How different will a UK Boarding school be in 10 years time?

“Classrooms will certainly look different with mobile chatbots offering support to individual students and more personalised learning plans”

With the technological advances in the last 10 years, it is a challenge to predict future changes in another 10 years.  However, there is so much scope for existing tech to be developed further, it is a fair guess that many of the ideas outlined below will make a tangible impact on the UK Boarding school sector.

Chatbots are already an established part of academic and admissions support teams at some UK and U.S. Universities. At Georgia Tech one online support worker ‘Jill Watson’ helped students on Professor Ashok Goel’s Knowledge-Based Artificial intelligence class, for a whole year, without students knowing she was a chatbot.

The original intent for building ‘Jill’ was to free up time for the course’s human TAs so they could concentrate on more creative, less repetitive tasks. But then her creators noticed an unexpected benefit resulting from Jill’s deployment: more student engagement in the course.

Before ‘Jill Watson’, students averaged 32 comments per semester; after Jill Watson, each student averaged 38 comments per semester.

It is almost certain that the technology that has developed ‘Jill’ will be extended to other functions both in Universities and forward-thinking Boarding schools.
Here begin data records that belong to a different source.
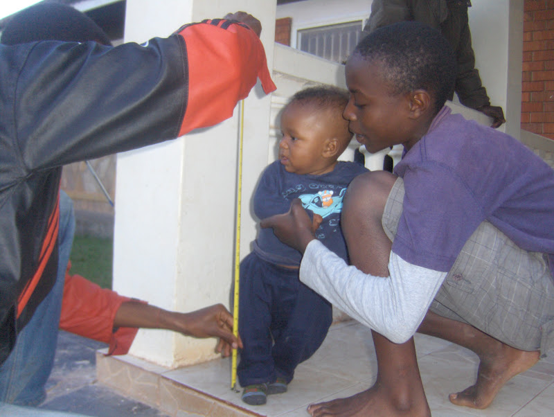 Att killarna växer går det inte att missa men för att veta hur mycket, väger och mäter vi dem två gånger om året. Såhär såg det ut i veckan när det var dags igen. Eftersom vi inte har någon våg hemma får de gå iväg till Rugarama Hospital och låna deras.
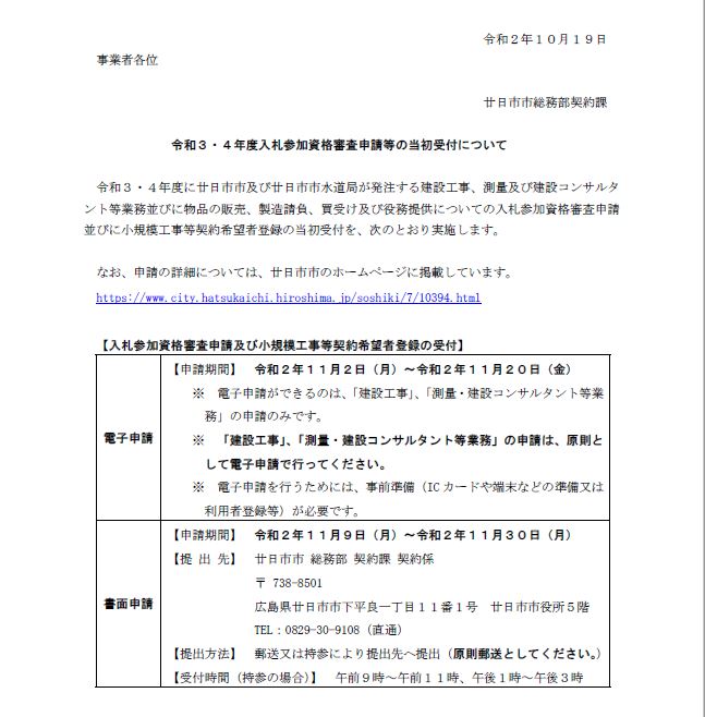 【建設業の方へ】廿日市市入札参加申請等について案内 2020 10/21 お知らせ 2020年10月21日 令和3・4年度入札参加資格審査申請等の受付が開始されます。 詳しくはPDFをご確認ください。 お知らせ コロナ関連の支援策情報は「今こそ廿日市」特設サイトをご覧ください。 廿日市オリジナル カープコラボTシャツ完成!(11月9日更新)
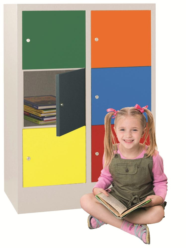 Schließfachschrank Kindergarten/Schule, Sockel, 9 Fächer 400 mm, BxTxH 1200x500x1187 mm, Zylinderschloss RAL 7035

It is entirely possible chatbots will augment learning and teaching support workers in the classroom and also be programmed to help with EAL support in the way many schools already use Alexa to help international students develop their English skills.

“It is almost certain that the technology that has developed ‘Jill’ will be extended to other functions both in Universities and forward-thinking Boarding schools”
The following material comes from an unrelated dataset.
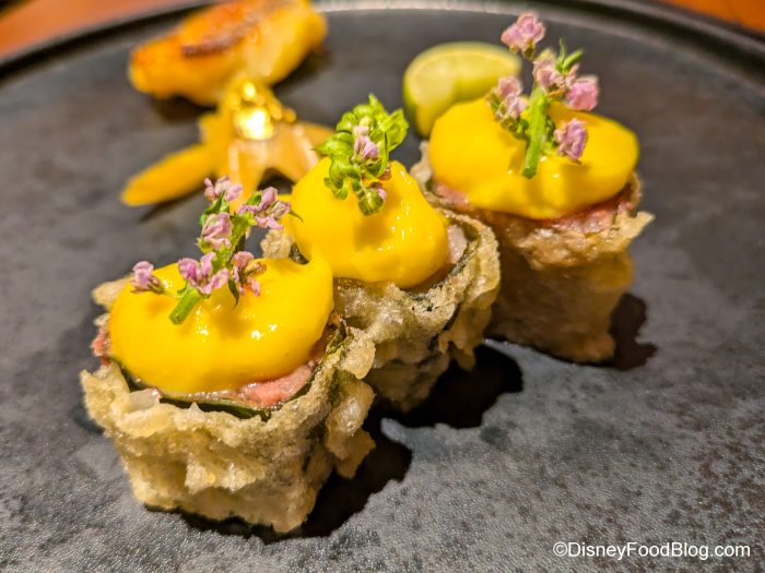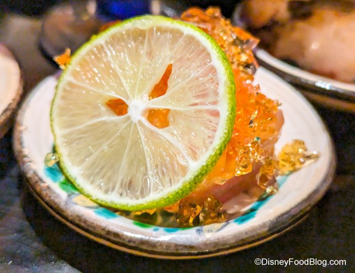 The wagyu was amazing and we loved the yuzu salt that’s on the plate. It’s housemade, and it’s a lot like a citrus salt. The lime and that yuzu salt change the flavor of the wagyu, too, so you’re encouraged to try it with and without the salt.

Almost certainly too, as Anna Trott from Kings Colleges highlights,  more learning will be online and blended/online learning may allow many more pupils to benefit from UK Boarding school teaching without coming to the UK to study.

Therefore, forward-thinking schools may decide to focus resources on developing online learning capabilities backed up with local blended learning support, in the form of locally based teachers, rather than further expanding UK campus-based facilities.

Classrooms will certainly look different with mobile chatbots offering support to individual students and more personalised learning plans developed as algorithms extend into how lesson plans can be tailored to individual learning needs.

Therefore, it is highly likely the current style of teaching in Boarding schools will change with teachers perhaps offering a 10-minute introduction to each lesson before each child then works on their own personalised learning plan, interspersed with team & project learning.

“It is highly likely the current style of teaching in Boarding schools will change”

Of course, VR will be playing its part too, enhancing learning via apps like google expeditions bringing field trips into the classroom.

Other significant changes may relate to how pupils, themselves, will change in the next 10 years. As Adrian Hallworth, Principal of Taunton International School points out; ‘It is likely UK Boarding schools will have a significantly higher proportion of international students than they do now and this will change many things including the sports that are offered and potentially a more internationally focused curriculum.

Also, students in 2029 will demand schools are more aware of their environmental impact and insist on a zero-carbon footprint, going paperless, improved recycling, reduced waste, etc.’

The fabric of schools themselves may well also look different, as Mike Oliver from Brooke House says; ‘environmental pressures will lead to many more schools having solar panels on their roofs’.

Potentially schools will also look to reduce the overall size of their school grounds, using money from selling off some acreage to fund the significant additional technological development costs that will be needed to make schools competitive in 2029.

As for teachers themselves, there will certainly be CPD needs as teachers will be required to have a greater knowledge of online and blended learning approaches and to be comfortable with the technology that will deliver this new style of learning…and they will have to learn to get on with their new chatbot learning assistants!

However, as Caroline Nixon from BAISIS (British Association of Independent Schools with International Students) points out, the foundations of delivering a high quality, ‘tech proof’ education in a world where future jobs are almost impossible to imagine should focus on the skills that, for now at least, separate us from the chatbots; ‘problem solving, team working, empathy and critical reasoning, the very skills great schools already develop’.